Waimakariri black-backed gulls
From Courtney Thompson, Regional Park Ranger, Environment Canterbury
At the last update, I reported on a colony of around 1500 black-billed gulls that had set up behind McLeans Island. Unfortunately, this colony has now almost completely dispersed and we can fairly confidently say this was due to southern black-backed gull predation and harassment (the video below was taken by Steve Attwood Saturday 21 November – see his report).
I reported last time on a second colony that was forming near The Sanctuary wetland a little further downstream. This colony continued to grow and was at around 1000 adult birds at our last count, but unfortunately, the river came up at the end of last week and washed out roughly half the colony plus a group of white-fronted terns nesting nearby. We will continue to monitor this colony and trap predators along the adjacent riverbank as long as there are birds present.
This leaves our current main colony of several hundred black-billed gulls out from the end of Haul Road (see map).

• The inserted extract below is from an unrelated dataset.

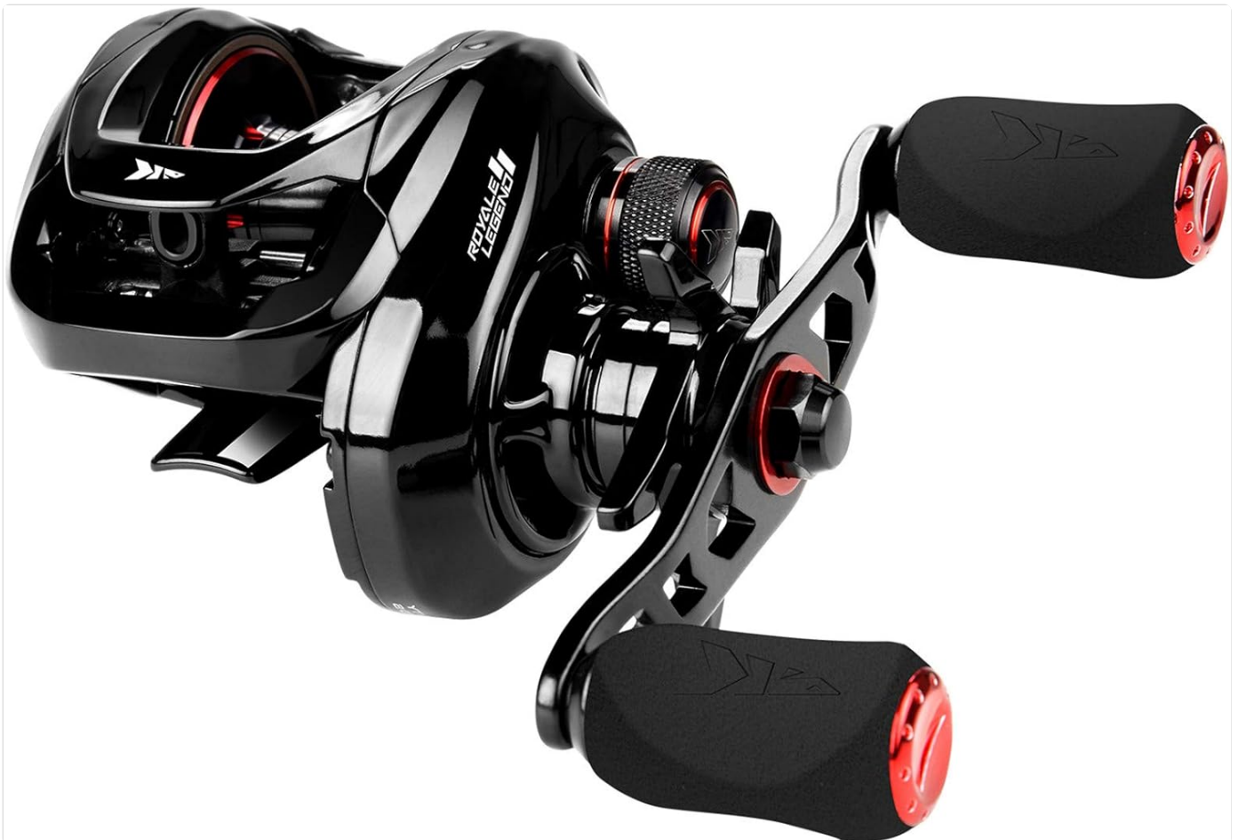
Figure 1.1: Front view of the KastKing Royale Legend II Baitcasting Reel.

The KastKing Royale Legend II Baitcasting Reel is engineered for comfort, performance, and durability. This manual provides essential information for the proper setup, operation, and maintenance of your new baitcasting reel, ensuring optimal performance and longevity.

There are also a good number of black-fronted terns nesting in close proximity. We have placed multiple signs as well as placing logs at the river access point in an attempt to funnel people naturally downstream and away from the colony. This colony was untouched by the recent rise in river levels, but with nor-west winds predicted to continue this week, we will keep monitoring the situation as the river is likely to come up slightly again. It may turn out that the black-billed gulls washed out from The Sanctuary join in with the Haul Road colony.